- Input for this task
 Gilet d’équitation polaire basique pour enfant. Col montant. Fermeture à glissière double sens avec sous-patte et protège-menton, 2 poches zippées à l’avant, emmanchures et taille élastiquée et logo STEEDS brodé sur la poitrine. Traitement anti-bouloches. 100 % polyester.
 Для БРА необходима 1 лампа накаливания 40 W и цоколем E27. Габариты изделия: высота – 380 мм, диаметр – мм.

...

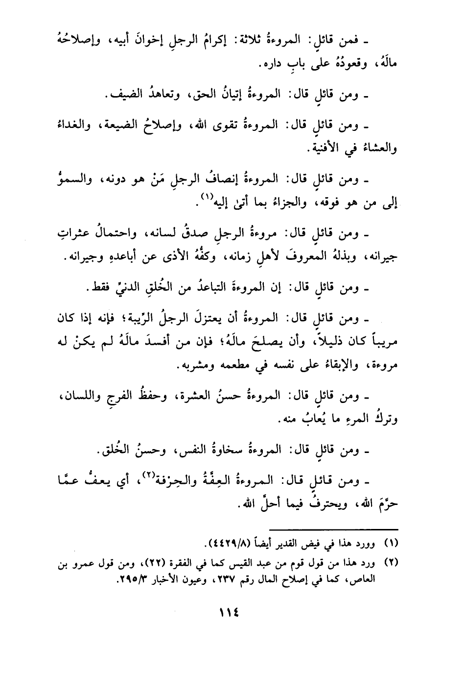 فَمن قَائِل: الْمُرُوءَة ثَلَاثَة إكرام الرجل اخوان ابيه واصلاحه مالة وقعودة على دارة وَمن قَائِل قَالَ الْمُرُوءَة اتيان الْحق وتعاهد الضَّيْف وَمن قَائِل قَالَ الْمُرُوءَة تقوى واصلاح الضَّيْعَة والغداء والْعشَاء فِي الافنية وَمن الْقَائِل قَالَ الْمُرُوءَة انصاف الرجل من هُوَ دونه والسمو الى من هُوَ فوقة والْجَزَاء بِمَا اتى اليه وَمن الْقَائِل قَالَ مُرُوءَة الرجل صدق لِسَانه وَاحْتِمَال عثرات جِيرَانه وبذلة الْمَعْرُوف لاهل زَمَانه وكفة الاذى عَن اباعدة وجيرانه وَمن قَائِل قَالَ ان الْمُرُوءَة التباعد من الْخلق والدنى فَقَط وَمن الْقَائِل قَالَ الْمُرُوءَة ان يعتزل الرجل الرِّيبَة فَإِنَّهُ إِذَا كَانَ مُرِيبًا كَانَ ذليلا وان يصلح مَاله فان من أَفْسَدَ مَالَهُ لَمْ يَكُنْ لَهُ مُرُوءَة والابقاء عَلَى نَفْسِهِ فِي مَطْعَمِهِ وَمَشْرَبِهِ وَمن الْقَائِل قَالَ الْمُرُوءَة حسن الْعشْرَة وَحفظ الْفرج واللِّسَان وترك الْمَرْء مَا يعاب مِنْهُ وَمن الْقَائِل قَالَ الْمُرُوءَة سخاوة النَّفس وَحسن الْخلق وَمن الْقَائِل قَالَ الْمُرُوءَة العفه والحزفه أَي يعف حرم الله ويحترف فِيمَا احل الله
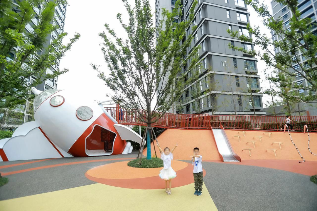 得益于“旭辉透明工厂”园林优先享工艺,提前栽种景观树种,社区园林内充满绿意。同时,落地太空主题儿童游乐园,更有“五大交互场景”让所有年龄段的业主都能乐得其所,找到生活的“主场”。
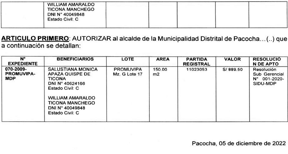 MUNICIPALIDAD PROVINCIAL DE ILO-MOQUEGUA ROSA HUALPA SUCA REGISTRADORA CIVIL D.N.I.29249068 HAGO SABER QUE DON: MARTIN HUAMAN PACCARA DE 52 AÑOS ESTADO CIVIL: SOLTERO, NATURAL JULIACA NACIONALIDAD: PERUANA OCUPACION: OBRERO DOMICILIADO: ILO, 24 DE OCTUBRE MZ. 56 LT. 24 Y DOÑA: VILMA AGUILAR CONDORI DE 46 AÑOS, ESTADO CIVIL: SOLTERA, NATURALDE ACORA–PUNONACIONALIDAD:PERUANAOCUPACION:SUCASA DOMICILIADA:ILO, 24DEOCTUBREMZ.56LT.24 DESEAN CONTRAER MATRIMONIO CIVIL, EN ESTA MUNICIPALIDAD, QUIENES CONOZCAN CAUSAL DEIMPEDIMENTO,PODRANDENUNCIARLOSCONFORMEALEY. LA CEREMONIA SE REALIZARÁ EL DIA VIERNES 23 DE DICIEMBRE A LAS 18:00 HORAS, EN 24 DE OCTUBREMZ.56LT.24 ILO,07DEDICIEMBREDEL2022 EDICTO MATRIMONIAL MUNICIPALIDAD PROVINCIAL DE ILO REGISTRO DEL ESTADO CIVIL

==

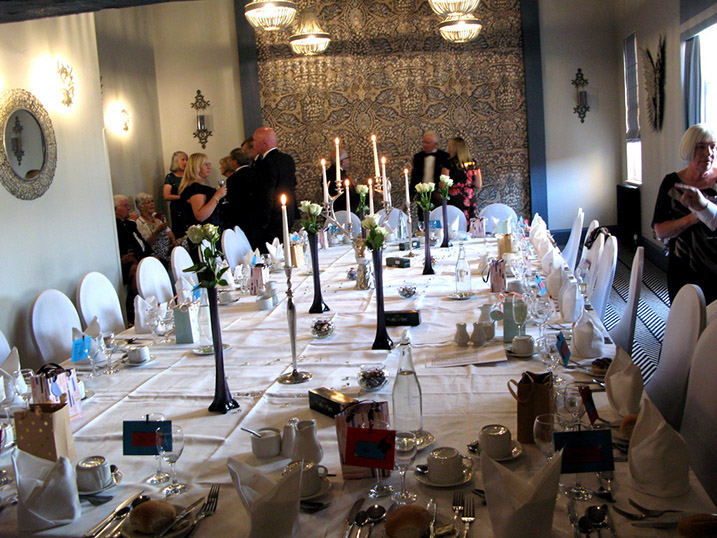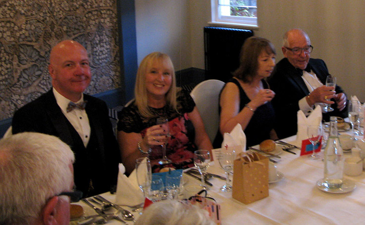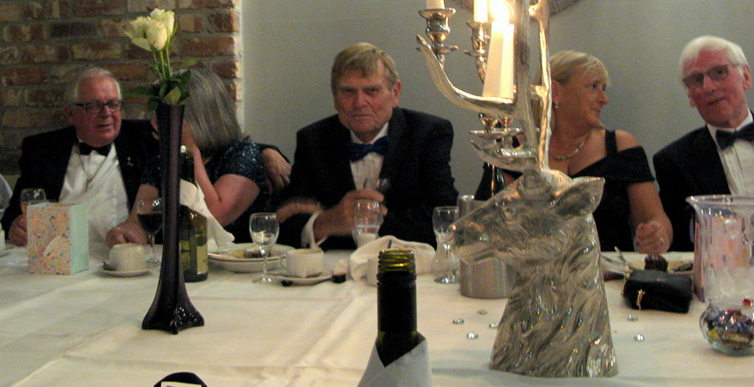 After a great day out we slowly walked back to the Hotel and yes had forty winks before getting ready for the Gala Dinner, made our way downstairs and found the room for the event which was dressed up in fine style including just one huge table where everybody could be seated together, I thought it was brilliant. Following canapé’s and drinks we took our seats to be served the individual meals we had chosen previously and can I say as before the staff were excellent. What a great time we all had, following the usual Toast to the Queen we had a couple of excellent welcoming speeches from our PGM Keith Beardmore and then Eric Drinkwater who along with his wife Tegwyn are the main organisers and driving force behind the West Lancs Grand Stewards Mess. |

- What the task requires
Copy the lines of the data above exactly as written, beginning with the line containing "Gilet d’équitation polaire" and ending with the line containing "Для БРА необходима", and leave out all other lines.

- Output of the task
 Gilet d’équitation polaire basique pour enfant. Col montant. Fermeture à glissière double sens avec sous-patte et protège-menton, 2 poches zippées à l’avant, emmanchures et taille élastiquée et logo STEEDS brodé sur la poitrine. Traitement anti-bouloches. 100 % polyester.
 Для БРА необходима 1 лампа накаливания 40 W и цоколем E27. Габариты изделия: высота – 380 мм, диаметр – мм.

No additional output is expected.